Tandem mass spectrometry (MS/MS) allows for protein and peptide sequencing and has therefore evolved as an indispensable tool for protein recognition, structure elucidation, and characterization of PTMs. Figure 5 shows examples of ES Q-ToF MS/MS analyses of peptides for amino acid sequence information (A) and detection of site of phosphorylation (B). Sequence analysis of peptides by collision-induced dissociation (CID) during MS/MS48 is a favorable alternative to the classical sequencing performed by the Edman degradation technique.49 In contrast to Edman degradation, which remains valuable for N-terminal sequencing of large amounts of relatively pure peptides, MS/MS analysis can be used for the sequencing of peptides present in mixtures or blocked at the N-terminus of the sequence. The recent advances in coupling a MALDI ion source to ion trap,50 ToF/ToF,51 and Q-ToF52 mass spectrometers provide enhanced opportunities for high-throughput analyses.

Figure 5.

Sequencing of peptides using MS/MS. Peptide fragmentation by collisionally activated dissociation (CAD) during MS/MS48 allows the recognition of complete or partial peptide sequence. Following collisional activation, the peptides undergo fragmentation along the backbone or in their side chains giving rise to product ions that can be attributed to the amino acid sequence. The nomenclature for classifying these ions allows the labeling of all the various fragment ions. The 3 possible cleavage points of the peptide backbone are called an,bn, and cn when the charge is retained at the N-terminal fragment of the peptide, and xm,ym, and zm when the charge is retained by the C-terminal fragment. The subscripts n and m indicate which amide bond is cleaved counting from the N- and C-terminus, respectively, and thus also the number of amino acid residues contained by the fragment ion. Immonium ions and internal fragments are usually labeled with the letter codes of the amino acids (not indicated in this figure). Product ions derived from fragmentation at the side chain of the peptide (labeled d, v, and w) are not discussed here. Panel A illustrates the ES Q-ToF product ion spectrum of [M+2H]2+ at 768 m/z, corresponding to fibrinogen αA from rat hepatocytes, following digestion with trypsin, where [M+2H]2+ denotes the doubly charged precursor ion selected for fragmentation. An almost complete series of b and y ions was obtained in this analysis resulting in a facile identification of the peptide sequence. Panel B illustrates the application of MS/MS analysis for the search for sites of phosphorylation. The product ion spectrum, recorded in positive mode, was obtained from the 1-dimensional liquid chromatography-tandem electrospray mass spectrometry analysis (LC-MS/MS) of a phosphorylated peptide. The signals between 1200 and 2000 m/z are magnified by a factor of 2.5. The sites of phosphorylation are searched by scanning for loss of phosphate or for characteristic immonium ions (Figure 7). [M+2H]2+ denotes the doubly charged precursor ion selected for fragmentation, and the [M+2H]2+-H3PO4 denotes the characteristic loss of the phosphate moiety from the precursor ion.

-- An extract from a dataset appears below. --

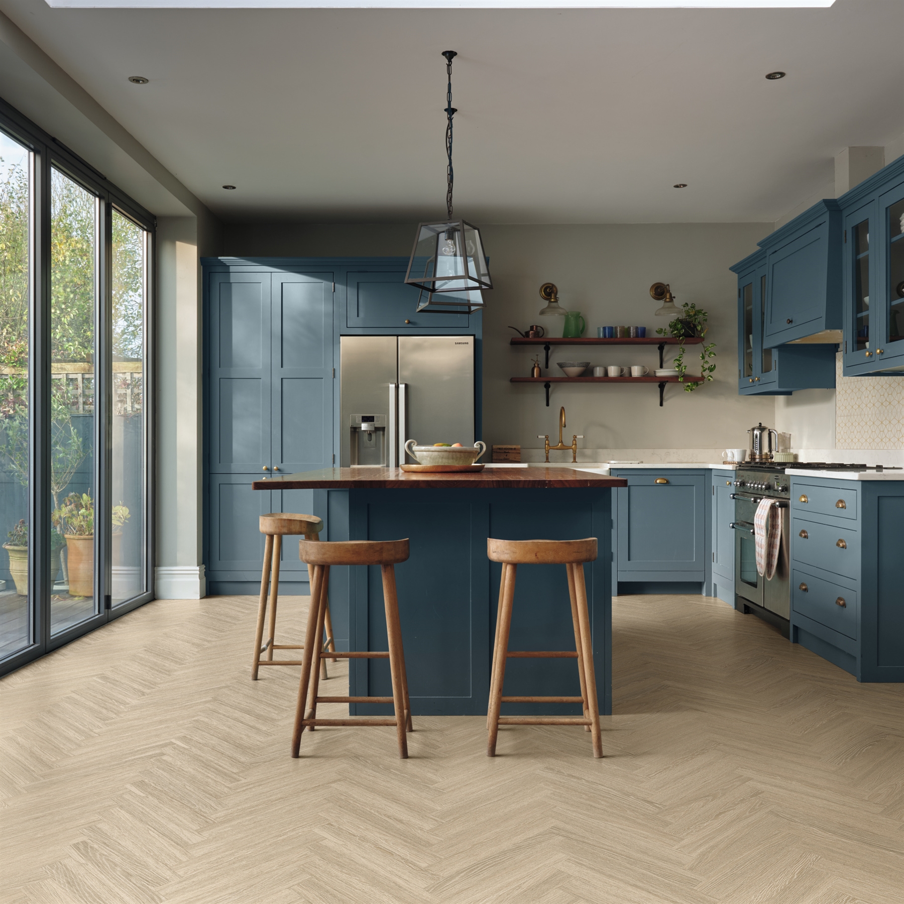 Elevate your home with the subtle elegance of Dolce Prime Herringbone from Palio Essenza by Karndean. With its pale oak tones and classic herringbone layout, this flooring brings a light, spacious feel and a touch of traditional charm to any room.

The development of computer algorithms that can correlate the data obtained from MS and MS/MS analyses with databases enables one to use either peptide mass fingerprint information or MS/MS CID data to recognize a protein.53,54 Recently developed algorithms allow the search of uninterpreted or partially interpreted MS/MS spectra,55,56 for example, SEQUEST,55 Mascot, PepFrag, Sonar, XProteo, and MS-Tag. The programs search for all peptides present in databases that have the same mass as the precursor ion selected by the user, predict the principal fragment ions that would be expected for these database peptides, and then match these with the experimental data. In this way the original peptide can be identified in terms of amino acid sequence and the protein from which it originated deduced. The confidence in the result obtained can be increased using a variety of peptide derivatization methods57,58 designed to obtain a specific set of parameters to be included in the algorithms for database search, which would reduce the ambiguity of the sequence.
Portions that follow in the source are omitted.